The top chart is the S & P 500 from about July 1990 to April 1997.
The bottom chart is the VIX for about the same period.
Under the VIX Asset Allocation Model, as currently configured, I can see that this market is in a bear market at the start of the VIX chart. The pattern is characteristic of the Phase 1 Unstable VIX Pattern. The S & P chart starts at 361 in July 1990. By the end of 1990, it is at 321. During that period, the VIX starts at around 21, shoots up to over 33 in August, falls down to around 21 in November, and then back to 36.2 on 1/14/91. ^VIX: Historical Prices for CBOE VOLATILITY INDEX
That day marked the highest reading in the VIX until 1997. The VIX starts to drift down in January so by the end of the month the VIX closes at 20.91. It then spends February moving in the low 20s with some tentative moves below 20. On March 12th, it closes at 18.82, on the 13th at 16.09, and at 14.94 on the 14th. ^VIX: Historical Prices for CBOE VOLATILITY INDEX
On March 14th, 1991, the S & P 500 was at 373.5.
The VIX is in a STABLE VIX PATTERN of below 20 and stays in that pattern until the Trigger Event in 1997. ^VIX: Historical Prices for CBOE VOLATILITY INDEX
On April 30, 1997, the S & P closed at 801.34 ^GSPC: Historical Prices for S&P 500 INDEX
I think that is conclusive of the historical value of my VIX Asset Allocation Model.
Many people claim that there is no predictive value to the VIX. VIX Up, Market Down? Others assert that "there is nothing monstrously significant about any absolute number in the VIX" Minyanville
I would remind the reader to look at the charts from 2004 to 2007 and the one from 2007. Then look at the formation of the Phase 2 of the Unstable VIX Pattern in September 2008, and the long chart of the current Unstable VIX Pattern.
What are these people looking at, it is just plain as day to me.

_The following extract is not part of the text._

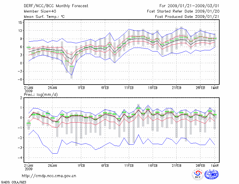 恩 施 (LAT:30.28 LON:109.47) 2009-01-21        预测
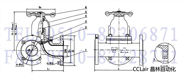 部件列表:1、閥體 2、隔膜 3、閥瓣 4、閥桿 5、閥蓋 6、手輪

Some also say that a one month forward index of volatility can not be an indicator of longer term cyclical moves in the market. I would just respond with several comments. It has proven so far that it can be used as an indicator for longer term stock asset allocations. But I would add a few other comments. It is continuous. So high levels of volatility over 20 is a continuous elevated movement of volatility over time, as shown by the movement in the VIX since August 2007 to now. Second, the initial spike out of the Stable VIX Pattern to around 30, the Trigger Event, is invariably connected to some unsettling event in the market. It is a rational fear causing the volatility. Look at the chart from 2007. The market was continually being jolted, with 3 separate Trigger Events between August 2007 through January 2008. The duration, intensity, and closeness in time indicate something extremely unsettling is occurring in the real world. We know for certain what those events were then and now. Lastly, I made the point in a prior post that a large segment of investors make pricing decisions based on the here and now. Heightened Volatility=More Risk=Potential for Lower Prices to Compensate for the Increased Risks So an enhanced level of volatility now, or predicted over the next 30 days, will cause many to price stocks lower to compensate for the perceived increase in risk for that asset class.